It goes without saying that there is suffering in the world— a whole lot of it. I don’t need to convince you that things are askew, that conflict is rampant, too many people find themselves destitute and without enough to live on; sickness and disease cut short lives and make life full of misery for many.
Why do I start with such bleak observations? Not to focus on the negative or cause us to despair, but rather to help us perceive what is going on in today’s Gospel reading from St. John. It deals precisely with these issues— the issues of suffering, and what causes it; how sin infects our world; but also how the good God, the creator of all things, came to his fallen creation to refashion it and restore it to its primal beauty.
In today’s Gospel we hear about a man who was blind from birth. The man didn’t, as happens to some, become blind later in life, from an illness, an injury, or something similar. Moreover, Christ is emphatic here that this blind man’s suffering was not because of his own sin or the sin of his parents. At that time, just as today, many people assume that physical infirmities, sickness, maladies and other such things are a direct result of a sin committed by the one suffering. One hears very simple solutions given, that someone is suffering, or that a whole group or people, or even a nation, suffers because of a particular or a collective sin. There certainly are times and there are cases when it does seem that physical sickness or suffering is the direct result of sin.
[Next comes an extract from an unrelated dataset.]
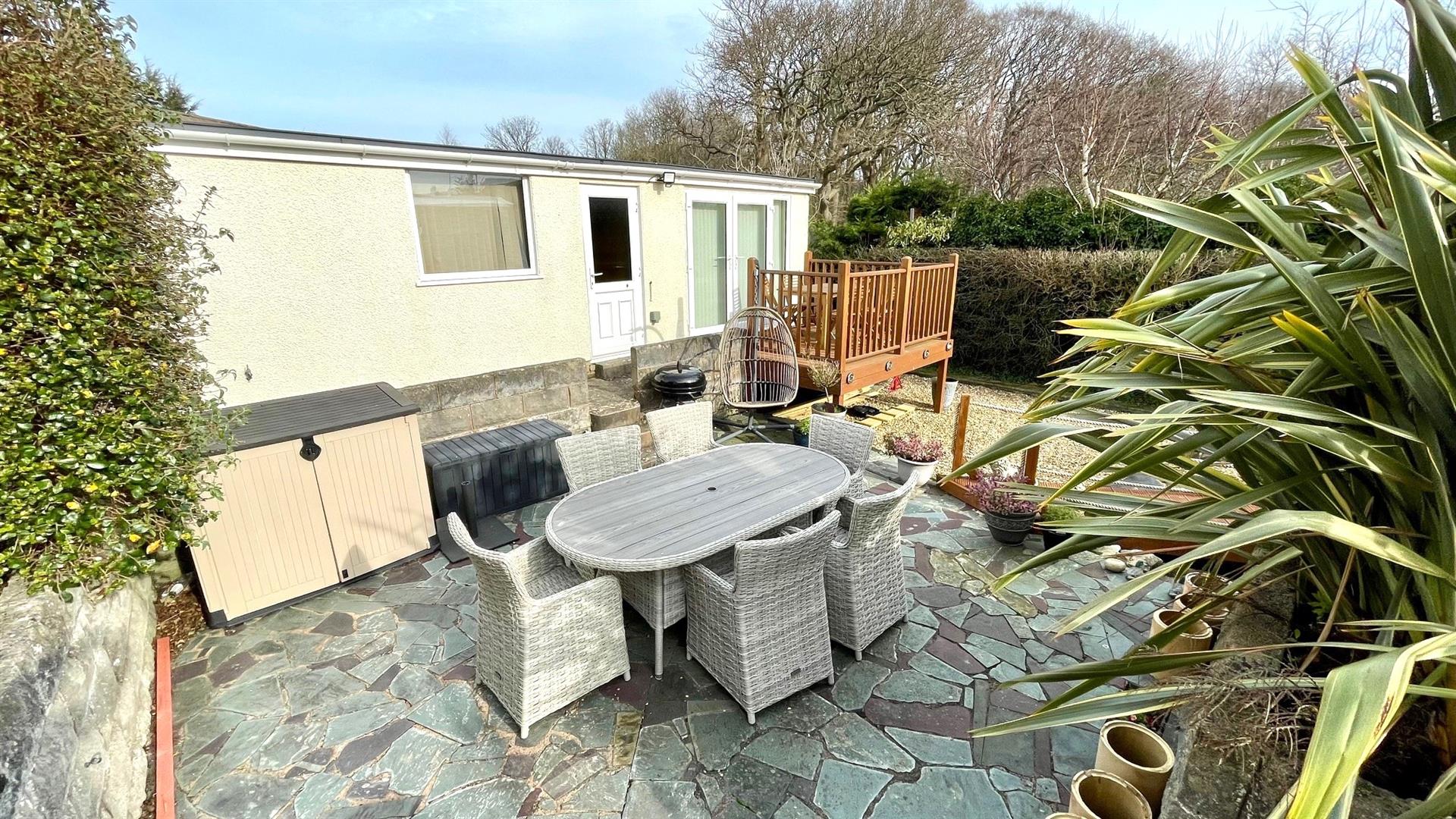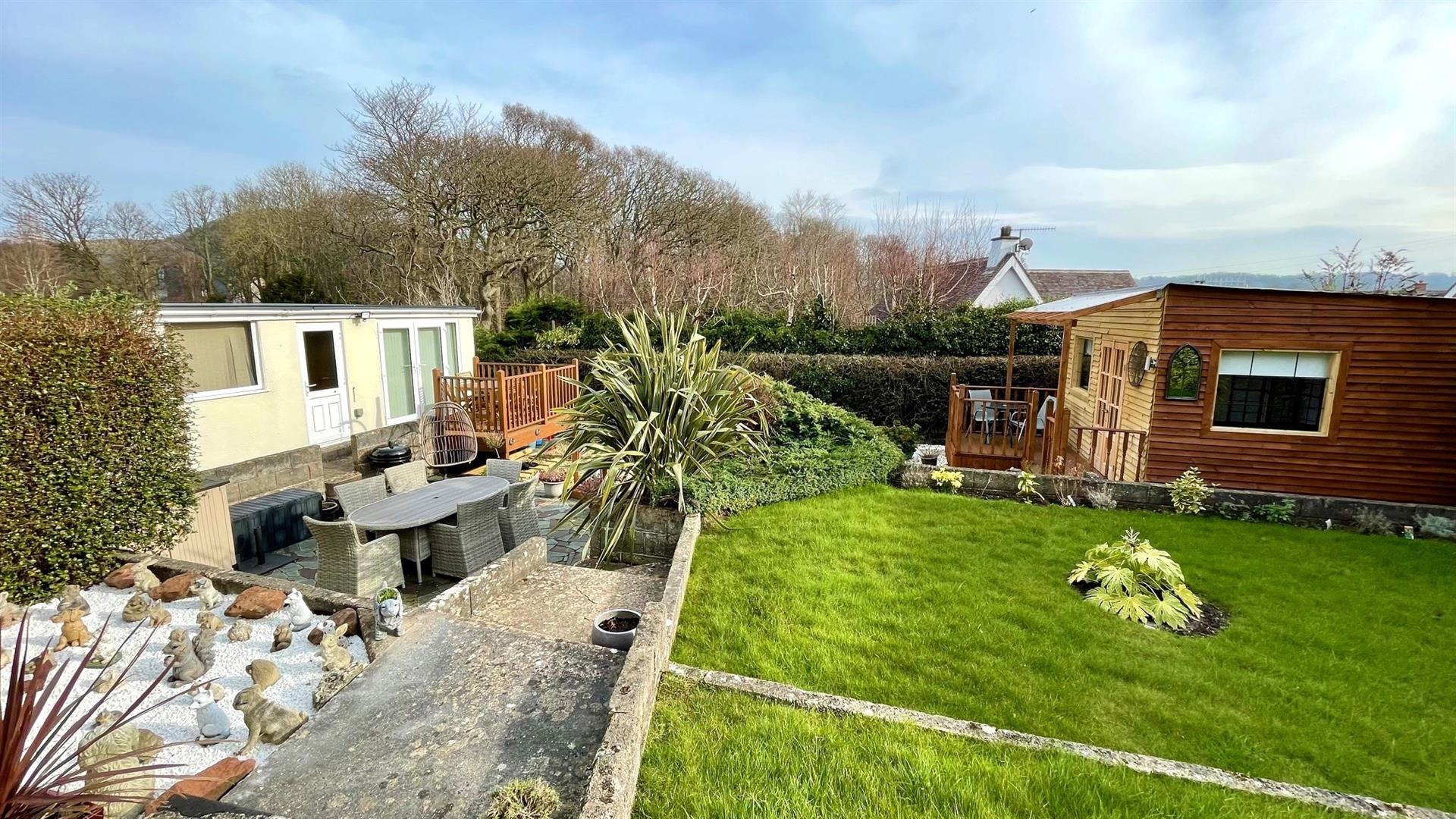 THIS EXCEPTIONAL FOUR BEDROOM DETACHED CHALET STYLE BUNGALOW IS SITUATED WITHIN ½ A MILE OF THE LOCAL SHOP AND HAIRDRESSERS AND WITHIN 2 MILES OF LLANDUDNO TOWN CENTRE having been thoroughly and beautifully upgraded by the present owner to a high quality standard - an internal inspection would be highly recommended. The accommodation briefly comprises: porch; reception hall with oak floor and staircase; lounge with double doors leading to dining room; kitchen/breakfast room with range of modern units and built in appliances; 2 ground floor bedrooms and a tiled 4 piece bathroom including free standing bath with a separate shower stall; first floor landing/study area; principle bedroom leading to a 4 piece en-suite bathroom and a further double sized bedroom. The property features gas fired central heating, upvc double glazed windows. Outside landscaped front garden and drive for off road parking for several cars leads to the garage/office and two piece washroom. Beautifully landscaped gardens to the rear with lawn, flower beds, mature shrubs, patio area, decked areas and a large custom built summerhouse with 6 person jacuzzi and a further patio area.

But not always, and so we have to be careful. Even in the writings of the church fathers, you can find some quotes to support the idea that sickness results directly from sin. Again, we must be careful, and also bear in mind how we read Scripture and how we read commentaries and Patristics interpretations. We do not select quotations in isolation; but as the great twentieth-century theologian, Fr. Georges Florovsky, said, we must acquire the mind of the fathers, the “consensum patrum.” The blind man in today’s Gospel, for example— how do you explain the cause of his suffering when he was born blind? He could not have sinned before he was born, obviously. Thus his suffering cannot be the result of a sin he committed, nor is his suffering the result of a sin committed by his parents. This is not to say that his parents were sinless; no, but rather their sins were not the direct cause of the man’s blindness.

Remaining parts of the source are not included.